Herein, we developed a facile two-step nanocasting–nitridation strategy to achieve a bimetal nitride Ni3FeN with ordered mesoporous structures, uniform mesopores, large pore volume, and large surface areas. Benefiting from both high catalyst loading and large contact area between the catalyst and electrolytes, this mesoporous Ni3FeN catalyst exhibits highly efficient and stable catalytic activity toward the OER in an alkaline solution. It exhibits a very low overpotential (259 mV) to achieve a 10-mA cm−2 geometric current density, which is lower than those of IrO2, RuO2, and an ordered mesoporous Ni3N electrocatalyst.

2 Experimental

2.1 Synthesis of Mesoporous Oxides

Ordered mesoporous NiO and Ni3FeOx were synthesized following a nanocasting route with KIT-6 as the hard template according to the procedure reported by Deng et al. [26]. Typically, 0.5 g of KIT-6 and 0.8 M of metal nitrates as a precursor (Ni(NO3)2·6H2O, Fe(NO3)3·9H2O) were dispersed in 3.6 mL of ethanol in a weight ratio of 1:0 and 3:1 for NiO and Ni3FeOx oxides, respectively. After 30 min of stirring at room temperature, ethanol was removed by evaporation through heating of the mixture overnight at 60 °C. Afterward, the resulting precursor ion filled mesoporous silica composite was heated in a ceramic crucible in an oven at 250 °C for 4 h to completely decompose the nitrate species. The impregnation step with the metal salt solution was repeated in order to achieve higher loadings. After evaporation of the solvent, the resulting metal precursor/silica composites were calcined at 550 °C for 6 h. The silica template was removed by treatment with 2 M NaOH solution, washed with deionized water and ethanol, and then dried at 60 °C for 12 h.

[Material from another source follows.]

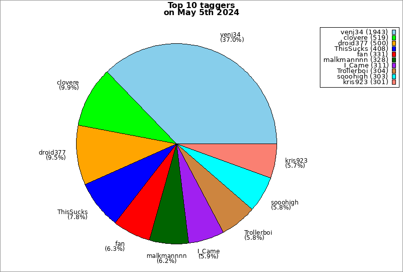 | Top 10 taggers on May 5th 2024 | ||
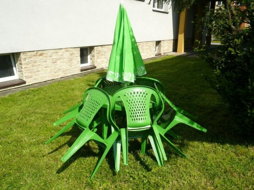 OKRĄGŁY STÓŁ + 6 KRZESEŁ + PARASOL

2.2 Synthesis of Mesoporous Ni3N

The as-obtained mesoporous NiO (100 mg) was heated at 370 °C with a heating rate of 4 °C min−1 under a flowing pure ammonia atmosphere (1 bar, 200 sccm) and maintained for 4 h in a tube furnace. The furnace was then cooled down naturally to room temperature in a flowing ammonia environment.

2.3 Synthesis of Mesoporous Ni3FeN

The nickel–iron nitride was obtained from the mesoporous Ni3FeOx mixed oxides precursor via a similar nitridation reaction: 200 mg of the porous Ni3FeOx precursor was heated with a heating rate of 4 °C min−1, maintained at 400 °C for 4 h under a flowing NH3 atmosphere, and then allowed to cool to room temperature.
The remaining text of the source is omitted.